**Problem details**
Everything from the line containing "Olay anına ait" through the line containing "Poster Fehér bazsarózsa" should be repeated exactly, and nothing else from the data.

**Supplied entries**
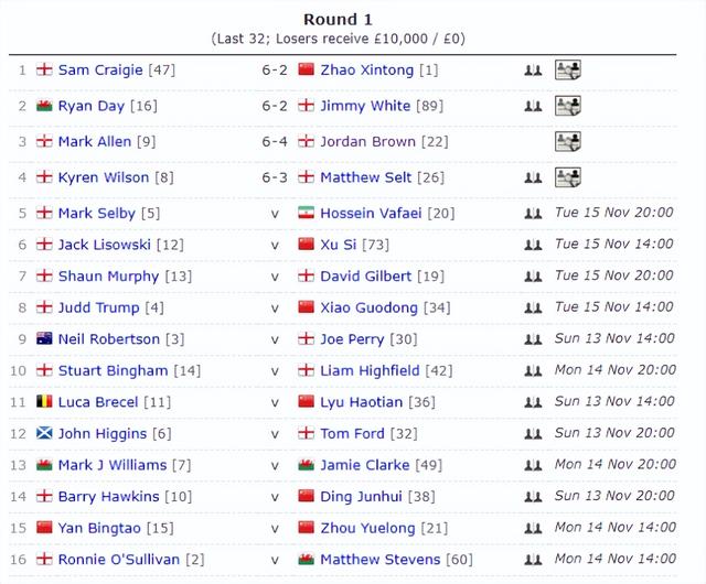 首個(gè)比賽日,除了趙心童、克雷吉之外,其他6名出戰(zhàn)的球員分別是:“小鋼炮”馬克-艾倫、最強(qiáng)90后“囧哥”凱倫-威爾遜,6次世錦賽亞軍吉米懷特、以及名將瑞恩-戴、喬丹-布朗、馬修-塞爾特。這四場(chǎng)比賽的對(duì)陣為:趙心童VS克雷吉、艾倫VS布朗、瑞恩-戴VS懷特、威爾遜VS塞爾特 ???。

* * *

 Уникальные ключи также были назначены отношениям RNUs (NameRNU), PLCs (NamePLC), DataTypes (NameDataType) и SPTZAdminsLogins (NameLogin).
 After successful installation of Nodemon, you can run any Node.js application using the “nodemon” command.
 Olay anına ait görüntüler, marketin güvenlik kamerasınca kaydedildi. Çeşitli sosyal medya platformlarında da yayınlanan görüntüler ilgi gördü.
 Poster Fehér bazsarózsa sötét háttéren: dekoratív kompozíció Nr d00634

**Answer to the exercise**
 Olay anına ait görüntüler, marketin güvenlik kamerasınca kaydedildi. Çeşitli sosyal medya platformlarında da yayınlanan görüntüler ilgi gördü.
 Poster Fehér bazsarózsa sötét háttéren: dekoratív kompozíció Nr d00634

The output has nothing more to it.